··· Source data ···

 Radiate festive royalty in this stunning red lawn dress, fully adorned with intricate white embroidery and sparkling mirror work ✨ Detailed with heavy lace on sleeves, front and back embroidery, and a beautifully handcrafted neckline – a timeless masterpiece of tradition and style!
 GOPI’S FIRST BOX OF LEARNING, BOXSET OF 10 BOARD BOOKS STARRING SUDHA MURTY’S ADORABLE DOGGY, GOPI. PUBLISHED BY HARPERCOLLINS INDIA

···
··· Source data ···

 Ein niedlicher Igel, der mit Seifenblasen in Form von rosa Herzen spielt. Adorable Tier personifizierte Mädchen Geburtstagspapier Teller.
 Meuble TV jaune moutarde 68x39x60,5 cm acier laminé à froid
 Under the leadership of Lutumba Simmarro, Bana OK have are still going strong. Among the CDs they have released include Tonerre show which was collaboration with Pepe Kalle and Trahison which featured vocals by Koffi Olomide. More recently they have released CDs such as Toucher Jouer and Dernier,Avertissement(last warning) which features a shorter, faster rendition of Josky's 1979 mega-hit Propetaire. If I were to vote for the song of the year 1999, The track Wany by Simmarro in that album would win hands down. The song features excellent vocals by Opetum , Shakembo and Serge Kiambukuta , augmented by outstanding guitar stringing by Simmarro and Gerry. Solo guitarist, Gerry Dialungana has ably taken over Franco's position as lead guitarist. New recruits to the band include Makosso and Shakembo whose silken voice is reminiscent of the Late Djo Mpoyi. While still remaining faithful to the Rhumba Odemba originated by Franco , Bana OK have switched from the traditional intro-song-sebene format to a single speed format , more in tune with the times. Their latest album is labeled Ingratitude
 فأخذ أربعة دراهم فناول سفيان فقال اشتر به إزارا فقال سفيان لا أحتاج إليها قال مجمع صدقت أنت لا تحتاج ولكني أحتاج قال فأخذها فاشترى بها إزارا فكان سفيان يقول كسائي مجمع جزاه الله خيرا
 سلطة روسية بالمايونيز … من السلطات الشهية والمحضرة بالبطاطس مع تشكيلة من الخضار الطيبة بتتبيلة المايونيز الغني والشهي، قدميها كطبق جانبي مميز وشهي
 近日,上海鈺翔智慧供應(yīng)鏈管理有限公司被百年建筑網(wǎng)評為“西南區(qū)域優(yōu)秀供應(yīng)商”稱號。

···

• [What you are asked to do] All lines above from the one containing "Ein niedlicher Igel, der" to the one containing "Meuble TV jaune" must be repeated exactly, both lines included, and no others.

• [Answer section]
 Ein niedlicher Igel, der mit Seifenblasen in Form von rosa Herzen spielt. Adorable Tier personifizierte Mädchen Geburtstagspapier Teller.
 Meuble TV jaune moutarde 68x39x60,5 cm acier laminé à froid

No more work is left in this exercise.